El espejismo de las rentas
Por Gonzalo Portocarrero
La renta es una ganancia
desproporcionada que surge cuando los precios de un producto están muy
por encima de sus costos de producción. Tómese como ejemplo el caso del
oro. Siendo su costo alrededor de US$300 la onza; se vende, sin embargo,
a US$1.600. La renta suele aparecer como un milagro y una bendición.
Pero la historia enseña, una y otra vez,
que la renta termina convirtiéndose en causa de conflictos, de
destrucción de la ética del trabajo y en obstáculo a un desarrollo
económico sustentable.
Para empezar: ¿a quién pertenece la renta? La respuesta jurídica no es necesariamente la respuesta ético-política.
La ley puede prescribir que las empresas
mineras tributen, por ejemplo, el 30% de sus excedentes. Todo lo demás
les pertenece. Pero tal concentración del ingreso no pasa desapercibida,
de manera que surgen voces que cuestionan la desproporción entre la
inversión y las ganancias. ¿Por qué la empresa habría de quedarse con la
parte del león? ¿Por qué no la región o el Estado? ¿O los propios
trabajadores?
Se genera entonces un conflicto. De un
lado las empresas tratan de lograr legitimidad social mediante generosas
campañas publicitarias. Entonces, remarcan su contribución a la
comunidad en términos de empleo, impuestos y otros beneficios aportados a
las regiones de donde extraen los recursos. Además prometen futuras
inversiones que traerán más empleos y tributos. Todo ello es
indudablemente cierto. Pero no es menos cierto que, pese a todas estas
contribuciones, las empresas continúan apropiándose de la mayor parte de
la renta.
De otro lado, muchos políticos
construyen sus carreras capitalizando el descontento contra la
privatización de la renta y prometiendo redistribuciones sensacionales.
Se postula que las rentas deben ser del Estado y servir a la comunidad
nacional. El desenlace de la lucha no está escrito, ni tiene que ser
siempre el mismo. No obstante, las empresas por su rentabilidad
desmesurada son muy vulnerables.
En muchos casos estas empresas son
estatizadas o, al menos, se les impone mayores cargas tributarias. La
situación puede ser entonces peor. La abundancia de recursos en manos
del Estado fomenta la corrupción y el clientelismo. Y se erosiona la
ética del trabajo.
En Venezuela, por ejemplo, el Estado se
convierte en el agente que redistribuye la enorme renta petrolera. La
corrupción y el populismo proliferan.
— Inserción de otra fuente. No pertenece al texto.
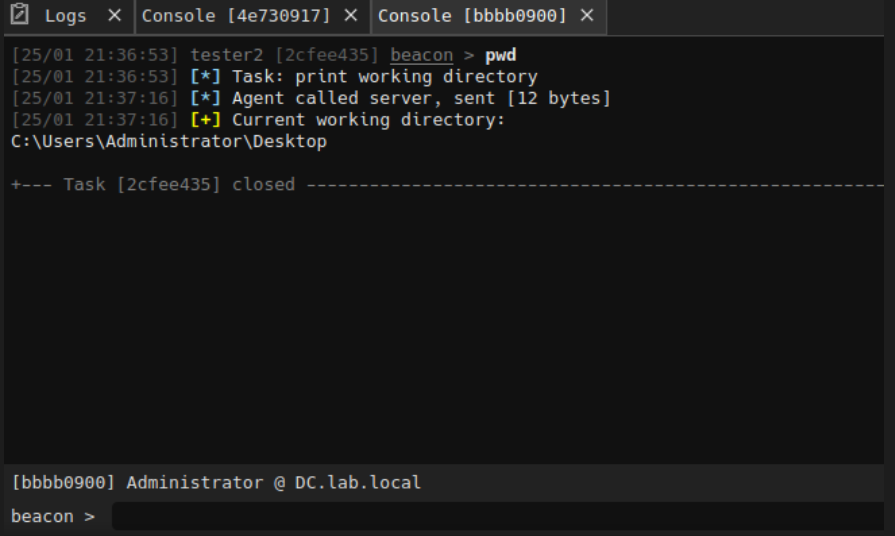 代理控制台如下所示。每个命令包含操作员名称、任务 ID 和代理类型。控制台会保存输入命令的历史记录,并自动完成命令。

La política se convierte en una
lucha por acceder al control de la renta, y el éxito político es lograr
un esquema de redistribución que compre y asegure la ‘lealtad’ de un
mayor número de votantes a través de subsidios y creación de empleos.
El trabajo perseverante no tiene la
recompensa que sí tienen los vínculos mafiosos. Se desvanece la
laboriosidad y se favorece la expectativa de recibir sin trabajar.
De otro lado, cuando las rentas son muy
elevadas, por la misma afluencia de divisas, el tipo de cambio
disminuye. Entonces, se abaratan las importaciones mientras que las
exportaciones pierden competitividad.
En resumen: la actividad empresarial se
hace más difícil y se crean menos empleos productivos. Todo gira en
torno al Estado. La desindustrialización y la monoexportación tienden a
primar. Puede parecer mentira pero la historia lo confirma una y otra
vez. Como dice Jürgen Schuldt, somos pobres porque, paradójicamente,
somos ricos.
Solo una sólida institucionalidad democrática permite florecer a una economía donde hay muchas rentas.
En este caso los excedentes se usan para
financiar obras de infraestructura y de educación, de modo que la
productividad nacional aumenta. Y no la corrupción y el populismo.
El hecho es que al Perú se le ha
prometido una inversión de US$50.000 millones en los próximos años. Y el
debate, que se ha centrado en el caso Conga, se ha limitado al examen
del impacto ambiental del proyecto.
Entonces, es hora de preguntarse si
somos realmente capaces de absorber la renta minera sin que ella
produzca más corrupción, inestabilidad política y pobreza.